The Retirement Income Covenant, which came into effect on 1 July, requires super trustees to develop a retirement income strategy in order to maximise retirement income for their members and properly manage associated risks.

Having money available for future health and medical costs was the top reason for preserving retirement capital for almost 84 per cent of the survey respondents, while 70 per cent said they had set aside money to cover other unexpected expenses or emergencies.

The research also highlighted a disparity between men and women when it comes to retirement income, with Professor McCallum noting that women trail men “on just about every score on superannuation”.

“More men enjoy a comfortable retirement from super, and more women than men have super balances so low, they are reliant on the age pension,” he said.

Of those surveyed, 82 per cent of women were found to have accumulated super for their retirement compared to 88 per cent of men.

Additionally, comfort in retirement was found to be higher among those who own their home.

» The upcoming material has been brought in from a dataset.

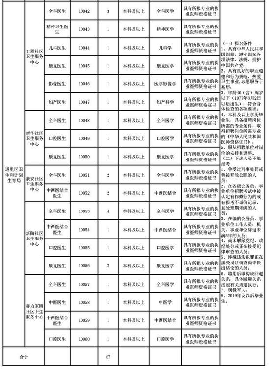 哈尔滨市道里区社区卫生服务中心招聘医疗专业技术人员 87 人报名日期:2018 年 8 月 1 日至 8 月 20 日 ( 报名期间遇节假日及周六、周日正常休息,请考生在下一个工作日报名 ) 。
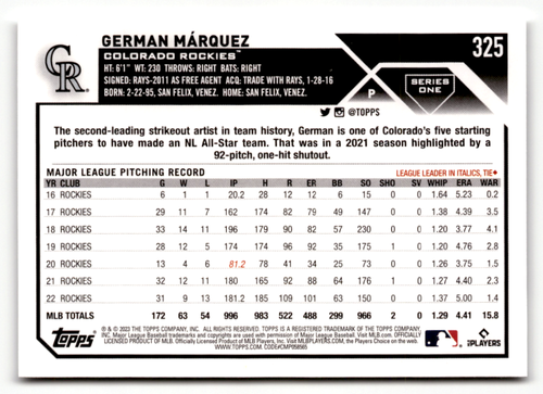 2023 Topps #325 German Marquez NM-MT Rockies ID:49587

However only 2 per cent of those surveyed said they had accessed their home equity through the Pension Loan Scheme or a reverse mortgage.

“As the report has concluded, retirees and pre-retirees need better access to financial advice and user-friendly tools that account for the complexity of intersections between the retirement income system and peoples’ housing, health, aged care and employment circumstances,” Mr Minney said.

“Further, super funds need to have a strategy for managing the financial risks facing retirees and help them maximise their income in retirement.”